### EXERCISE DESCRIPTION
With the pictures left out, print exactly the lines below that run from the one containing "Путин — Дмитрий Медведев" through the one containing "12月6日(日)、アベイヤ司".

### SUPPLIED RECORDS
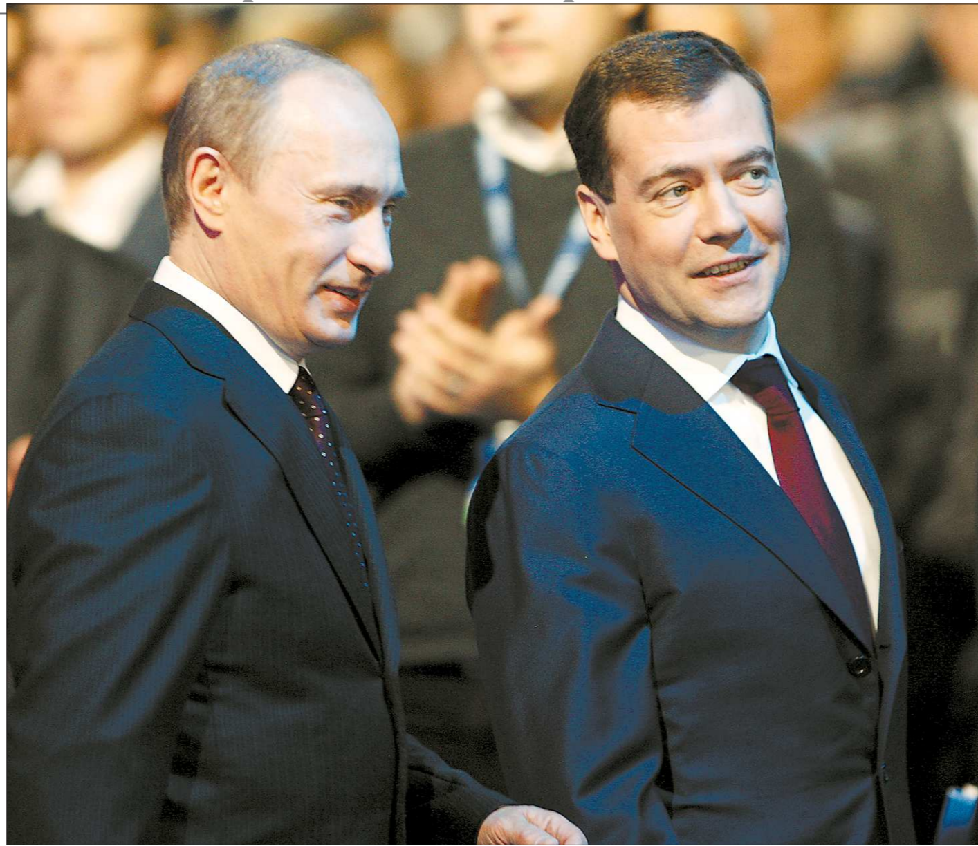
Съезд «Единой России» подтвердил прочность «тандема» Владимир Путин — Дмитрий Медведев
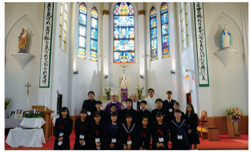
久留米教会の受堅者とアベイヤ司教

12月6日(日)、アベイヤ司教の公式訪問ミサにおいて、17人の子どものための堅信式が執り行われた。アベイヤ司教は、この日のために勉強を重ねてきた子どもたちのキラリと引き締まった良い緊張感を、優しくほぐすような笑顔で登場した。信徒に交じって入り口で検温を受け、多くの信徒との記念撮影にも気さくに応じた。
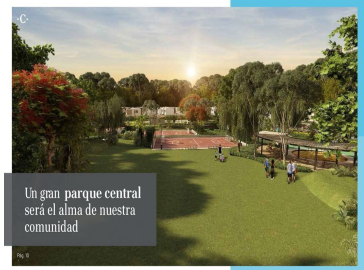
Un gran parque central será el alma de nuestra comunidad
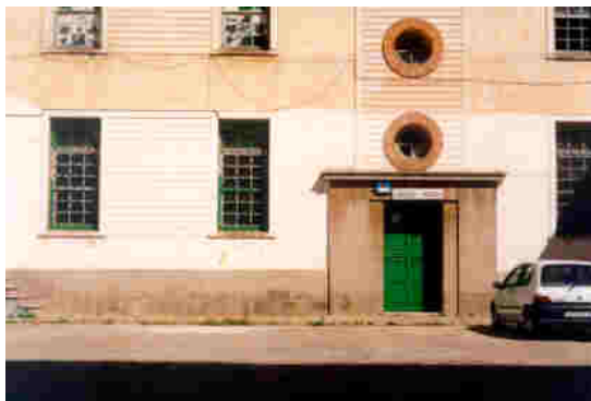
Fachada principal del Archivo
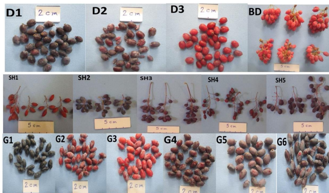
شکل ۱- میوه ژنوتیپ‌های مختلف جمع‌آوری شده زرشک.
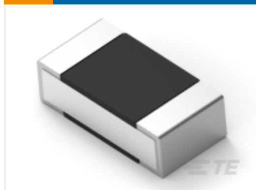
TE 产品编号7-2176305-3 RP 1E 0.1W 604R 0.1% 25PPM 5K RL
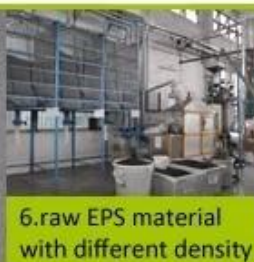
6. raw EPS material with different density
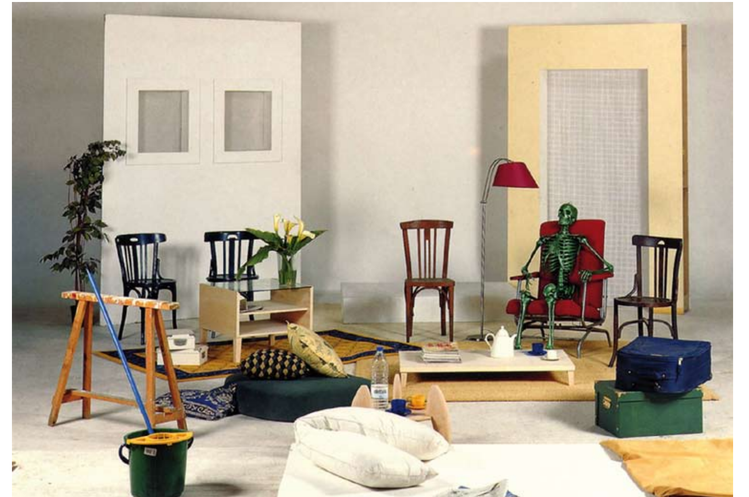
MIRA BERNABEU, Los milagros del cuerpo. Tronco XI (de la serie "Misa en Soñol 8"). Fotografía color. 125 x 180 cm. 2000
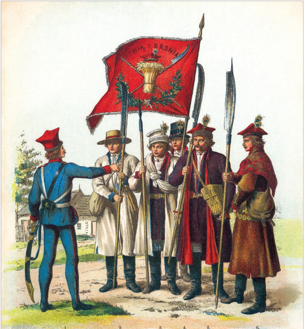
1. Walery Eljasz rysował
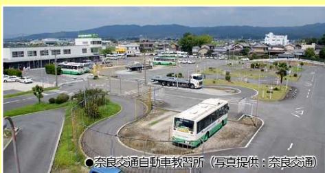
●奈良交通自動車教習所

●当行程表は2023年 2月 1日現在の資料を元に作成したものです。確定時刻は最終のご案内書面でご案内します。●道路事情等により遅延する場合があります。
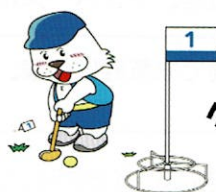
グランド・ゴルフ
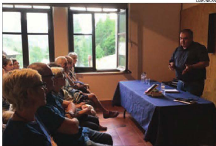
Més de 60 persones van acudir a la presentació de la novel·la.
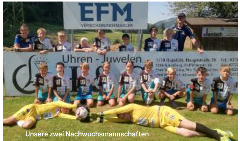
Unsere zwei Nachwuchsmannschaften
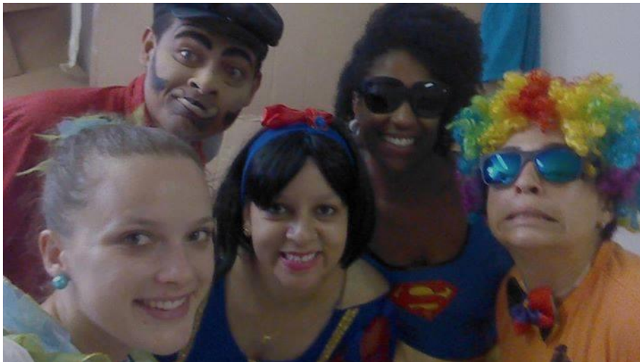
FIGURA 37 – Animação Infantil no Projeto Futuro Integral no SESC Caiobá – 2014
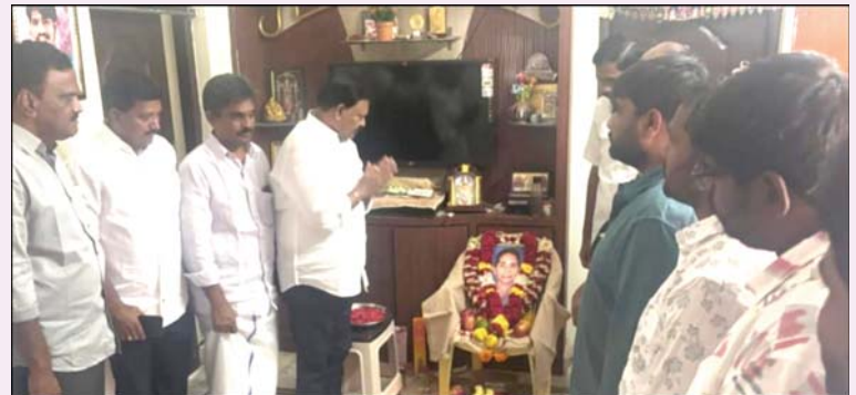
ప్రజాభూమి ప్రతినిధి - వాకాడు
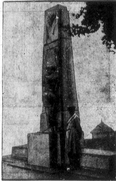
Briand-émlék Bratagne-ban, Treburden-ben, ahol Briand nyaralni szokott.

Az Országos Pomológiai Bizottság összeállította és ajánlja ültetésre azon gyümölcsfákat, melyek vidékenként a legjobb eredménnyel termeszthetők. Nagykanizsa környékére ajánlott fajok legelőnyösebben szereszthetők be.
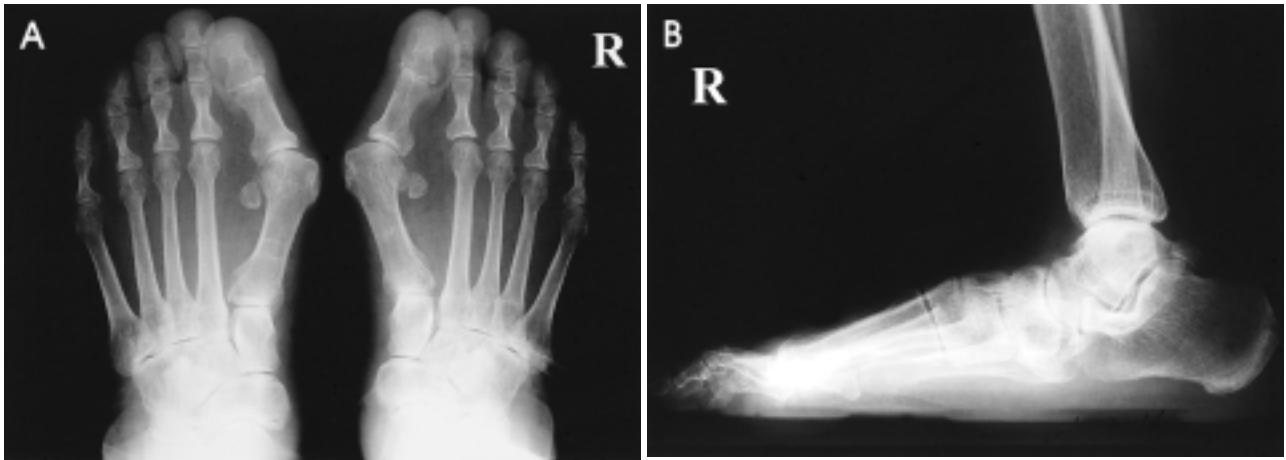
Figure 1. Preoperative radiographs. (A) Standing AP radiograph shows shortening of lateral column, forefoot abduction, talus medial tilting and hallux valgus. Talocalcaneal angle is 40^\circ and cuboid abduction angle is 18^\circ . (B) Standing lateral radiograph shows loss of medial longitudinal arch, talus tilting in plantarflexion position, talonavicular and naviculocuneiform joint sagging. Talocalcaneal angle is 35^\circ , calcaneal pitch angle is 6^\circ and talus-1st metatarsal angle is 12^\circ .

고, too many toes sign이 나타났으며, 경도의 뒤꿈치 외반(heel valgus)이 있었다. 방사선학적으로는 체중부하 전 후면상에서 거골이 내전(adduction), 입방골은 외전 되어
---
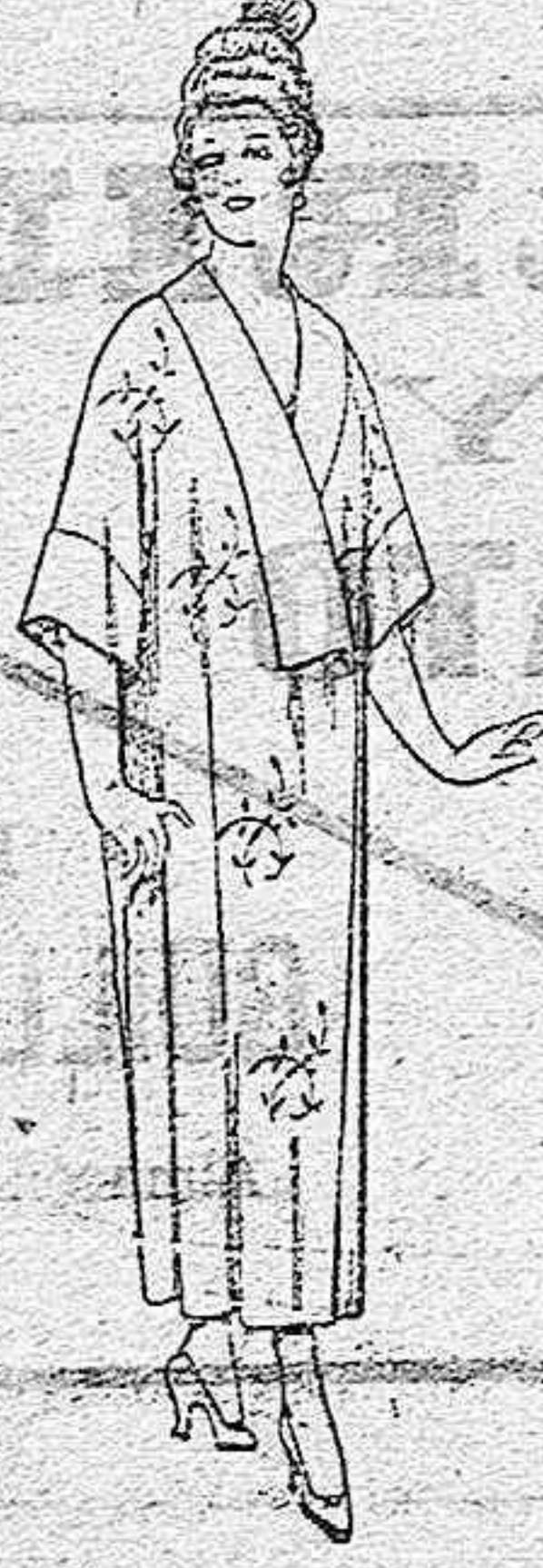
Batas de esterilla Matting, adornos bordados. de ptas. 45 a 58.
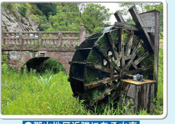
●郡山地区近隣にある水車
* * *
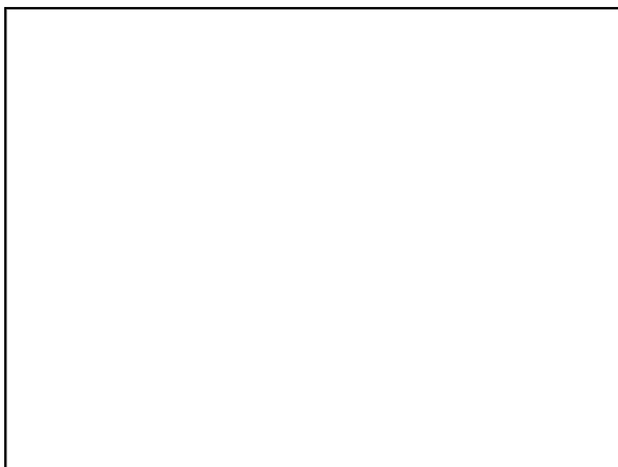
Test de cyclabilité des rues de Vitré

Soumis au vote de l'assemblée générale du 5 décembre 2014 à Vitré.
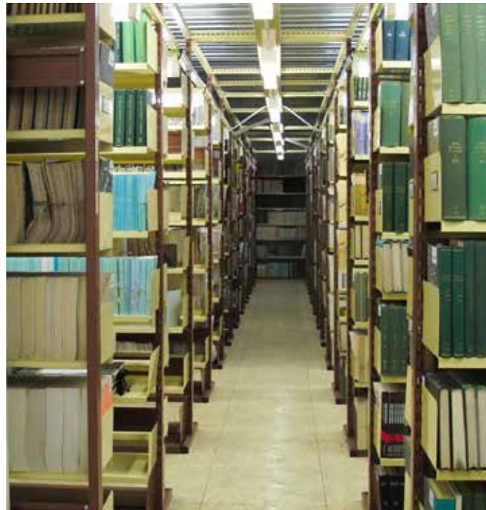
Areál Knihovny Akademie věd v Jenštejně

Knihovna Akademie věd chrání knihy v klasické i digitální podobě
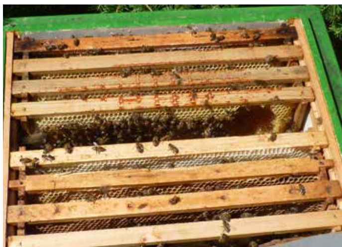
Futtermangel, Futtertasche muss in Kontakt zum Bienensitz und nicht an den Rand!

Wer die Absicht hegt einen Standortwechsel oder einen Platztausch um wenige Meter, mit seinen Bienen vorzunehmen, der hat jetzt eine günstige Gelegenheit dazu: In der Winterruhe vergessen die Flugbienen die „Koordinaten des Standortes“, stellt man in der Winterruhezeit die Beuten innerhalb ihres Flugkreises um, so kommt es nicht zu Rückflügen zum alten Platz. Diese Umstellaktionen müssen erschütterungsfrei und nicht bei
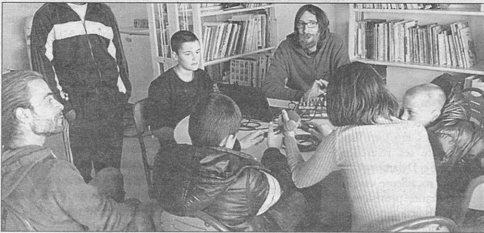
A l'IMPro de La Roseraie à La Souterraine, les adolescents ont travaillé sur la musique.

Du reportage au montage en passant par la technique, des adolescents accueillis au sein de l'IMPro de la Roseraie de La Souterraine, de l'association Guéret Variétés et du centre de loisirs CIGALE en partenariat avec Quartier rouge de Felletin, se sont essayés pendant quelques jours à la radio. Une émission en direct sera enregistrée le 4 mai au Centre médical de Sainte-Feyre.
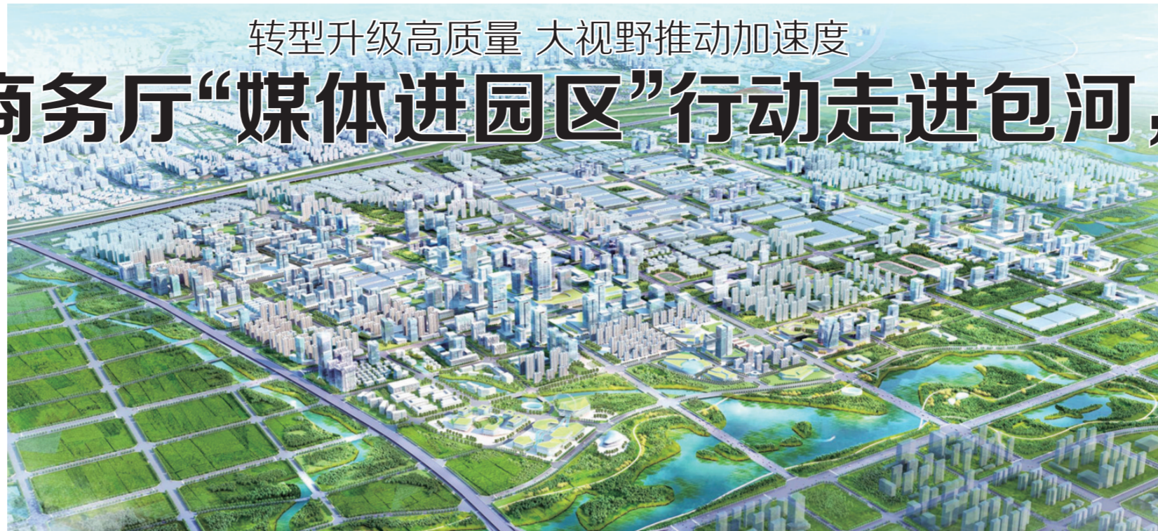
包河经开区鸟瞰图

### YOUR RESPONSE
Съезд «Единой России» подтвердил прочность «тандема» Владимир Путин — Дмитрий Медведев
久留米教会の受堅者とアベイヤ司教

12月6日(日)、アベイヤ司教の公式訪問ミサにおいて、17人の子どものための堅信式が執り行われた。アベイヤ司教は、この日のために勉強を重ねてきた子どもたちのキラリと引き締まった良い緊張感を、優しくほぐすような笑顔で登場した。信徒に交じって入り口で検温を受け、多くの信徒との記念撮影にも気さくに応じた。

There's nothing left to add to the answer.